When adding the variables to Oracle profile in the other node you will change the node name from ora1123-node1 to ora1123-node2

Configure SYSTEM parameters:
========================

All parameters should be same or greater on the OS:
----------------------------------------------------
# /sbin/sysctl -a | grep sem           #=> semaphore parameters (250 32000 100 142).
# /sbin/sysctl -a | grep shm           #=> shmmax, shmall, shmmni (536870912, 2097152, 4096).
# /sbin/sysctl -a | grep file-max     #=> (6815744).
# /sbin/sysctl -a | grep ip_local_port_range  #=> Minimum: 9000, Maximum: 65500
# /sbin/sysctl -a | grep rmem_default  #=> (262144).
# /sbin/sysctl -a | grep rmem_max      #=> (4194304).
# /sbin/sysctl -a | grep wmem_default #=> (262144).
# /sbin/sysctl -a | grep wmem_max     #=> (1048576).
# /sbin/sysctl -a | grep aio-max-nr    #=> (Minimum: 1048576) limits concurrent requests to avoid I/O Failures.

Note:
If the current value of any parameter is higher than the value listed above, then do not change the value of that parameter.
If you will change any parameter on /etc/sysctl.conf then issue the command: sysctl -p

Check limit.conf values:
vi /etc/security/limits.conf  

oracle   soft   nofile    131072
oracle   hard   nofile    131072
oracle   soft   nproc    131072
oracle   hard   nproc    131072
oracle   soft   core    unlimited
oracle   hard   core    unlimited
oracle   soft   memlock    50000000
oracle   hard   memlock    50000000
# Adjust MAX stack size for 11.2.0.3 => Original was 8192:
oracle   soft   stack    10240 

After updating limits.conf file, oracle user should logoff & logon to let the new adjustments take effect.

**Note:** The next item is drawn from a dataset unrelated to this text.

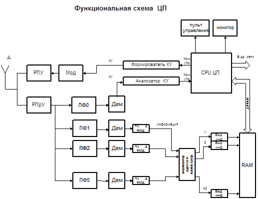 Непрерывные сообщения, преобразованные в цифровую форму, передаются на Ц.П. пакетом длительностью 40 сек. по многоканальной коммутируемой радиолинии по запросу объекта

Ensure mounting /usr in READ-WRITE mode:
------------------------------------------------
# mount -o remount,rw /usr

>For security reasons Sys admins prefer to mount /usr in READ ONLY mode, during Oracle installation /usr must be in RW mode.

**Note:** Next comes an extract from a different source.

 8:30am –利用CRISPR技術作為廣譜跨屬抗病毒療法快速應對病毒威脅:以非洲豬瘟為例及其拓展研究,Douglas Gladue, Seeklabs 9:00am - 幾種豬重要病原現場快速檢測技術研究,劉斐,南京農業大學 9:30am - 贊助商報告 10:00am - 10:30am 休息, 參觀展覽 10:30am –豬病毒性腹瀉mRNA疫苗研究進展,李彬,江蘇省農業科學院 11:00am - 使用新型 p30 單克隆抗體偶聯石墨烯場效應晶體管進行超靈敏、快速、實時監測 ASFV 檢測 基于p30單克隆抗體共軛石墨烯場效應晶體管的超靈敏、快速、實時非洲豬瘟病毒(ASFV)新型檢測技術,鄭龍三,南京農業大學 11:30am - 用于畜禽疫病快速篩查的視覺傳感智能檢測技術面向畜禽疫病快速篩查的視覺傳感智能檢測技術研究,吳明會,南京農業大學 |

Restart the internet services daemon (xinetd):
----------------------------------------------
# service xinetd restart

Edit the /etc/securetty file and append it with the relevant service name:
------------------------------------------------------------------------
ftp
rlogin
rsh
rexec
telnet

Create ".rhosts" file:
This file will provide user equivalence between the servers, should be create under Oracle user home:
su - oracle
cd
vi .rhosts
# Add the following lines
ora1123-node1 oracle
ora1123-node2 oracle
ora1123-node1-priv oracle
ora1123-node2-priv oracle
ora1123-node1-vip oracle
ora1123-node2-vip oracle

Create hosts.equiv file:
vi /etc/hosts.equiv
#add these lines:
ora1123-node1 oracle
ora1123-node2 oracle
ora1123-node1-priv oracle
ora1123-node2-priv oracle
ora1123-node1-vip  oracle
ora1123-node2-vip  oracle

chmod 600 /etc/hosts.equiv
chown root.root /etc/hosts.equiv

Configure Host equivalence between Nodes:
-----------------------------------------------
on Both Nodes:
----------------
mkdir -p cd /home/oracle/.ssh
cd /home/oracle/.ssh
ssh-keygen -t rsa
ssh-keygen -t dsa

cat id_rsa.pub > authorized_keys
cat id_dsa.pub >> authorized_keys

On Node1:
cd /home/oracle/.ssh
scp authorized_keys oracle@ora1123-node2:/home/oracle/.ssh/authorized_keys_nod1

on Node2:
cd /home/oracle/.ssh
mv authorized_keys_nod1 authorized_keys

cat id_rsa.pub >> authorized_keys
cat id_dsa.pub >> authorized_keys

Copy the authorized_keys file to Node1:
scp authorized_keys oracle@ora1123-node1:/home/oracle/.ssh/


From Node1: Answer each question with "yes"
ssh ora1123-node1 date
ssh ora1123-node2 date
ssh n1 date
ssh n2 date
ssh ora1123-node1-priv date
ssh ora1123-node2-priv date

From Node2: Answer each question with "yes"
ssh ora1123-node1 date
ssh ora1123-node2 date
ssh n1 date
ssh n2 date
ssh ora1123-node1-priv date
ssh ora1123-node2-priv date

Enable rsh on both Nodes:
------------------------------
First verify that rsh & rsh-server packages are installed

rpm -qa|grep rsh

rsh-server-0.17-40.el5
rsh-0.17-40.el5

If the packages are not installed install them:
you can find rsh package in CD1 under "Server" directory
you can find rsh-server package in CD3 under "Server" directory

Add rsh to PAM:
------------------
vi /etc/pam.d/rsh:
#Add the following line
auth sufficient pam_rhosts_auth.so no_hosts_equiv


Enable xinetd service:
--------------------
vi /etc/xinetd.d/rsh
#Modify this line:
disable=no

-Test rsh connectivity between the cluster nodes:
From Node1: rsh n2 date
From Node2: rsh n1 date

Enable rlogin:
---------------
vi /etc/xinetd.d/rlogin
#add this line:
disable=no

Configure Hangcheck-timer:
------------------------------
If a hang occur on a node the module will reboot it to avoid the database corruption.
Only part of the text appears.